With reloads of the same EPUB, you can see the directory sizes go both up and down when monitoring the /tmp/epub
directory with du -sh *
. Another confirmation of what we were talking about earlier.
Anyway I don't think we need to research it exhaustively right now, it should all be moot once we make changes such as:
- single unpacking per EPUB FileSet version
- not unpacked by end-user action
- (maybe) never unpacked while set to featured representative
I think those changes will solve a lot of the unpacking and reversioning issues.
What if one or more users are loading an EPUB as it gets "reversioned"?

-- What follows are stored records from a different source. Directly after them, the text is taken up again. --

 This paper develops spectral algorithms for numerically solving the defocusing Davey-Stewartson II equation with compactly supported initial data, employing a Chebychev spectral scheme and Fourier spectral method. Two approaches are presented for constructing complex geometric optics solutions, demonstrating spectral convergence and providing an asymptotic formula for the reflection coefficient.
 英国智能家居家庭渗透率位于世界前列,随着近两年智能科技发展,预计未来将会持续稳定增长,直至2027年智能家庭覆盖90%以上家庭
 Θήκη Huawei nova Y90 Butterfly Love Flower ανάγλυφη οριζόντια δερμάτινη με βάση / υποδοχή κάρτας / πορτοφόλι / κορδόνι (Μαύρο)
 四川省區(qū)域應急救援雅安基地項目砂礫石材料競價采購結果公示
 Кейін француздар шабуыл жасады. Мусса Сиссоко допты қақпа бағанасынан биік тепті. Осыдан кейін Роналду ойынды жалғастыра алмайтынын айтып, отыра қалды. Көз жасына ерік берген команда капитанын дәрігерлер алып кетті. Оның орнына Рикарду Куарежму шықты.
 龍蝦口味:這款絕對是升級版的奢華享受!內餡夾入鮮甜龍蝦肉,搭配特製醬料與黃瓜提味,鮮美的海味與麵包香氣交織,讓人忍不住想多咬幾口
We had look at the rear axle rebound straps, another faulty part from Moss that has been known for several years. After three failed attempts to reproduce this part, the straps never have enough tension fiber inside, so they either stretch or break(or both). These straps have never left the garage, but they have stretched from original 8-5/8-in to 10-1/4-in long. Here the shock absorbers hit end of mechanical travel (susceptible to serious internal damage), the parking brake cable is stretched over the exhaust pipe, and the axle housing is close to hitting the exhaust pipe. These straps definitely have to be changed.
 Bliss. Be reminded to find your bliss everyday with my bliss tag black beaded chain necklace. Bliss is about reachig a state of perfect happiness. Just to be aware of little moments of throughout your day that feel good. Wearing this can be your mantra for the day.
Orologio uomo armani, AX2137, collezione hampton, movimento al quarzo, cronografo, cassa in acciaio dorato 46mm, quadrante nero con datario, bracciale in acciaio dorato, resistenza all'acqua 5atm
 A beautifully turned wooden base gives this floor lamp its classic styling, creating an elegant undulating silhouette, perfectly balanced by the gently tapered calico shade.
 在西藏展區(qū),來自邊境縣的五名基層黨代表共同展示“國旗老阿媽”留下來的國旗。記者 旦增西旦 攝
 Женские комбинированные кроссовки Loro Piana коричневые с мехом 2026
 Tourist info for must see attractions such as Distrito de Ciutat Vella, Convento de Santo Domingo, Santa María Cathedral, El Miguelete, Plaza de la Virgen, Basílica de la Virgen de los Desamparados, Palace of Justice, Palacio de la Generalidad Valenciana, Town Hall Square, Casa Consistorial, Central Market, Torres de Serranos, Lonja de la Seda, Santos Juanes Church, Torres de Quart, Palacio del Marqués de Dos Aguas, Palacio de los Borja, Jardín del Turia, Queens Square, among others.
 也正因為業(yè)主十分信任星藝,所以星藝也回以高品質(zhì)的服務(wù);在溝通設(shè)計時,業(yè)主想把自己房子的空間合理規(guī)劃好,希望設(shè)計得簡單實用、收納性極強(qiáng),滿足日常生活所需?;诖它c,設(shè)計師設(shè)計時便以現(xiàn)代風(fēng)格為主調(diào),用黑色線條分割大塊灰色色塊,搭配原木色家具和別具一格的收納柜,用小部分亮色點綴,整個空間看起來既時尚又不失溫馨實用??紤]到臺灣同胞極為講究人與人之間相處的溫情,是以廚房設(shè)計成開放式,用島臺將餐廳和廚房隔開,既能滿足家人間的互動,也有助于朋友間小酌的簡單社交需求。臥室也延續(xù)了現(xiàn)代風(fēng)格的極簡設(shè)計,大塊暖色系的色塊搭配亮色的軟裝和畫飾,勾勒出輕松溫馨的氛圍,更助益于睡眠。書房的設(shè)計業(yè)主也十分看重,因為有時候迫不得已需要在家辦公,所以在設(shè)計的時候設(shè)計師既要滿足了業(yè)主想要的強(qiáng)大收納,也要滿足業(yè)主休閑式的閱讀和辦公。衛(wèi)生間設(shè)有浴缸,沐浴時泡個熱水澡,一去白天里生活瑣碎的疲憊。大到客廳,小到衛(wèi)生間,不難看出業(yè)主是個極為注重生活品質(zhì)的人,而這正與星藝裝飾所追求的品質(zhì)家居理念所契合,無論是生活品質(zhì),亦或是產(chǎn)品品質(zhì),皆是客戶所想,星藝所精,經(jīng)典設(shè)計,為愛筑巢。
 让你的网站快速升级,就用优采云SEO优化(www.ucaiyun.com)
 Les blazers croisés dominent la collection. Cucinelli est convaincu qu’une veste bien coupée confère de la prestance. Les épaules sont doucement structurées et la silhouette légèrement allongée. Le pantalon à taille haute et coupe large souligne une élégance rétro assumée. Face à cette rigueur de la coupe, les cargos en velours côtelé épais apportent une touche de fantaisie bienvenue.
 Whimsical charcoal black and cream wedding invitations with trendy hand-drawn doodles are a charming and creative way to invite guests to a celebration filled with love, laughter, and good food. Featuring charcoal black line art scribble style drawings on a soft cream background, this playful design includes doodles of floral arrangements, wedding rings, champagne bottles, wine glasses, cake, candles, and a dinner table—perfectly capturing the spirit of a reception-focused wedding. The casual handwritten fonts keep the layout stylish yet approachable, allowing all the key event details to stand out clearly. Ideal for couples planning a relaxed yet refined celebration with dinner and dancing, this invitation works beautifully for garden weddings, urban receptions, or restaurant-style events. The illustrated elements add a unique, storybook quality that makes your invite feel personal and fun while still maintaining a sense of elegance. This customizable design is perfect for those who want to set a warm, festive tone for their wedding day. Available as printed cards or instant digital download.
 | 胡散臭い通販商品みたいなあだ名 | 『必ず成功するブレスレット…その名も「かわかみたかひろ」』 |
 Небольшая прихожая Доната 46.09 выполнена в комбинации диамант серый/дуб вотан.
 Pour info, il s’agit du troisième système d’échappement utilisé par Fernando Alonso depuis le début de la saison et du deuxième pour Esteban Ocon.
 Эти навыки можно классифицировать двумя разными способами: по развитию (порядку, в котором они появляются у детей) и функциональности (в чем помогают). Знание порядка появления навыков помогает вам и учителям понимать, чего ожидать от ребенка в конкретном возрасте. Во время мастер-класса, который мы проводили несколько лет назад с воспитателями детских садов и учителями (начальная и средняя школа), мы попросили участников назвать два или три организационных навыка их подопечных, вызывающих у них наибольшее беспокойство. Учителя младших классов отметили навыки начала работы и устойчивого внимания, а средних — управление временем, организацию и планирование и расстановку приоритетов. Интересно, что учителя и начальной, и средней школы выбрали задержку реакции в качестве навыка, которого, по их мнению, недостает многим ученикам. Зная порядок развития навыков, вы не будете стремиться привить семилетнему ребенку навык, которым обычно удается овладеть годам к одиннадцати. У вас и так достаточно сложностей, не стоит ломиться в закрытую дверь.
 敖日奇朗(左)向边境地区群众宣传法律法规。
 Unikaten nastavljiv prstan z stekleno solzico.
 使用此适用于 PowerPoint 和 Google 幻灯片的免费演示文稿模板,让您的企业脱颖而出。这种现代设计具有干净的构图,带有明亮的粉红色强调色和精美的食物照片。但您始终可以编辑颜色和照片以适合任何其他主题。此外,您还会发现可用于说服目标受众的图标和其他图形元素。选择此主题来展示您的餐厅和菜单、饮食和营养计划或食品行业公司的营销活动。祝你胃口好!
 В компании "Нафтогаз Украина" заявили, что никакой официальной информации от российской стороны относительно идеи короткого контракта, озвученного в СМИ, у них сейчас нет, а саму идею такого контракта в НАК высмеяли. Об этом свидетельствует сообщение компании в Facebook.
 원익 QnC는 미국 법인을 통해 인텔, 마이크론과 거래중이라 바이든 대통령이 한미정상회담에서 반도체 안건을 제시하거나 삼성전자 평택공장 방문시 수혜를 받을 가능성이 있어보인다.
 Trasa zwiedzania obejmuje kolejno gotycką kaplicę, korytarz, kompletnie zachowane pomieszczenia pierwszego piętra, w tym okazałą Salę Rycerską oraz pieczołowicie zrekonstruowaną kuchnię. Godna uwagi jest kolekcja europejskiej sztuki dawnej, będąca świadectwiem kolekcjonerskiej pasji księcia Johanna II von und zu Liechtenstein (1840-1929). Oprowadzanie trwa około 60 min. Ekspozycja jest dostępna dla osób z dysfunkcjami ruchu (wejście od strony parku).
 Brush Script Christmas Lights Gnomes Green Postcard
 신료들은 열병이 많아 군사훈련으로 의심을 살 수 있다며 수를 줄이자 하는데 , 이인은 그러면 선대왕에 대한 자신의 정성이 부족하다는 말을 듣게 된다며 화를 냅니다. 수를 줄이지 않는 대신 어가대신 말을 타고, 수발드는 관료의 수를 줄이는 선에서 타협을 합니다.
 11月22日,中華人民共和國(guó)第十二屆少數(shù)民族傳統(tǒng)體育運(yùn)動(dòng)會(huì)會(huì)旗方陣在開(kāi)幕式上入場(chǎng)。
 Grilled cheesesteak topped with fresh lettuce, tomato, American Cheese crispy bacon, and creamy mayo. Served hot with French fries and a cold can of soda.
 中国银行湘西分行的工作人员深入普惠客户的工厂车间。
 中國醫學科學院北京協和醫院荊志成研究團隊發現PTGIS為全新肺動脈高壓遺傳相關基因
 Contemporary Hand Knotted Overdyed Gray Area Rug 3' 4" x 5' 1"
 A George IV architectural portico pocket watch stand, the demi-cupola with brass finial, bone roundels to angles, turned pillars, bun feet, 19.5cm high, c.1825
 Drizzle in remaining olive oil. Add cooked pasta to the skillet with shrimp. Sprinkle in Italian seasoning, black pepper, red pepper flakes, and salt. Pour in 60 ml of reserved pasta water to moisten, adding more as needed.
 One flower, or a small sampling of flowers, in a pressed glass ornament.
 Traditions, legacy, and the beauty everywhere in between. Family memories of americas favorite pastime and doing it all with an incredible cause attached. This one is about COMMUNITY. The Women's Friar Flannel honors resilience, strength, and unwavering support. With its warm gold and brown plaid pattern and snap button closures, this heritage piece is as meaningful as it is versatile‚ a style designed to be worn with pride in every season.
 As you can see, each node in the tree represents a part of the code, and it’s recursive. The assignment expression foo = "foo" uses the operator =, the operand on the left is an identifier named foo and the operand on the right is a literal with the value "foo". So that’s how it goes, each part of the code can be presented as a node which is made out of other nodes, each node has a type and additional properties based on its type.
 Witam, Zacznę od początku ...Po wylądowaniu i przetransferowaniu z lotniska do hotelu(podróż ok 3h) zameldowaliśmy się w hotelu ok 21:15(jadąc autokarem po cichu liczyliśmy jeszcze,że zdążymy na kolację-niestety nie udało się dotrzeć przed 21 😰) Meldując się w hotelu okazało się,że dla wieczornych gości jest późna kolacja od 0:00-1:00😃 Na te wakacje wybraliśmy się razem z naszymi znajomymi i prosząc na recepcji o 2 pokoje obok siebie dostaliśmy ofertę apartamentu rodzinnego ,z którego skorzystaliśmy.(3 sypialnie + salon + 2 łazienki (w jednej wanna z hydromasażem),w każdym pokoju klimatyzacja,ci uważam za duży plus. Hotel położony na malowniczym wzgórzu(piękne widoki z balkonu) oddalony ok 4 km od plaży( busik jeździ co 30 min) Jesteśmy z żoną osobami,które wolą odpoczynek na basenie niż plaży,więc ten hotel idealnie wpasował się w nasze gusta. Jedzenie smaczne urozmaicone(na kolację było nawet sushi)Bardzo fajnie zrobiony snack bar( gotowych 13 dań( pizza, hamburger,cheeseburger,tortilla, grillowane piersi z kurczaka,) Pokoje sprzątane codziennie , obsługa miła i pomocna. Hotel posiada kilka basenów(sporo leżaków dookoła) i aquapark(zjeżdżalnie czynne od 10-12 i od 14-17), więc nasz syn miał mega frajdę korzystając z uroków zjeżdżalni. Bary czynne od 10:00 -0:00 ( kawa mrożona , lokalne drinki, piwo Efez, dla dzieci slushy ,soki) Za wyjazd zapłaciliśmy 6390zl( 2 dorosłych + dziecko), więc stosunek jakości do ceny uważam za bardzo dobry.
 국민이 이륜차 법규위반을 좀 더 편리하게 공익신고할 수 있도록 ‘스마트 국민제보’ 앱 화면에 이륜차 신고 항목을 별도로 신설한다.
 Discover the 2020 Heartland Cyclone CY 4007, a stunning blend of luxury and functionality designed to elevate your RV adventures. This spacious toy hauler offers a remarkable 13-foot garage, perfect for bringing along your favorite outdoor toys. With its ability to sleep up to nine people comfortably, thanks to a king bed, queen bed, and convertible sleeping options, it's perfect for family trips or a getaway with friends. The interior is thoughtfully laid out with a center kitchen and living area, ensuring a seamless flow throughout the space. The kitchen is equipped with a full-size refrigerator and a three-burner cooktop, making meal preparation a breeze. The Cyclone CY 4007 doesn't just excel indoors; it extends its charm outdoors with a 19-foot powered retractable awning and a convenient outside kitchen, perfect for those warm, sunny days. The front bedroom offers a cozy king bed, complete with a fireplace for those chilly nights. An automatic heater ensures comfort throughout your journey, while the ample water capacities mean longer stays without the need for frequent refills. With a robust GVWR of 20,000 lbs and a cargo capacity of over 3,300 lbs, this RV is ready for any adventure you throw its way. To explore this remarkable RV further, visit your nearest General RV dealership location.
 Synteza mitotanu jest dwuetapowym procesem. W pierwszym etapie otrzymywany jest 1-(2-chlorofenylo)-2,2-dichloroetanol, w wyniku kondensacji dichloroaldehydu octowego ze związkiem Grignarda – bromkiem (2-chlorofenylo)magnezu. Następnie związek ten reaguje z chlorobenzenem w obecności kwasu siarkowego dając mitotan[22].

Could we use temporary private visibility to achieve more security as the swap is made?
Another thing that crossed my mind was that search engine bots will mess up the idea of keeping unread (open access) EPUBs unpacked unless we take some action against that.
Probably another reason not to worry about unpacking everything in advance?!
I think then, that we've decided on this (right?):
-
"Cached" content (epub, webgl) will be considered derivatives ala Hyrax. "Caching" a file had meant just pulling it out of Fedora and putting it on the file system.
We'll keep doing that, but now we'll put them where hyrax puts derivatives./tmp/derivatives/<pair-tree>
. We're going to call this "unpacking" or an "unpacked" epub/webgl/file and not "caching/cached" from now on. -
When a FileSet's FeaturedRepresentative is set (epub or webgl), the unpacked file will be created. We do this now and not during ingest because the ingestion process doesn't know the file is a epub/webgl. A user needs to do that (currently).
-
When a FileSet with a FeaturedRepresentative of "epub" or "webgl" is updated ("reversioned" with a new epub/webgl) the new file is unpacked (the old removed first).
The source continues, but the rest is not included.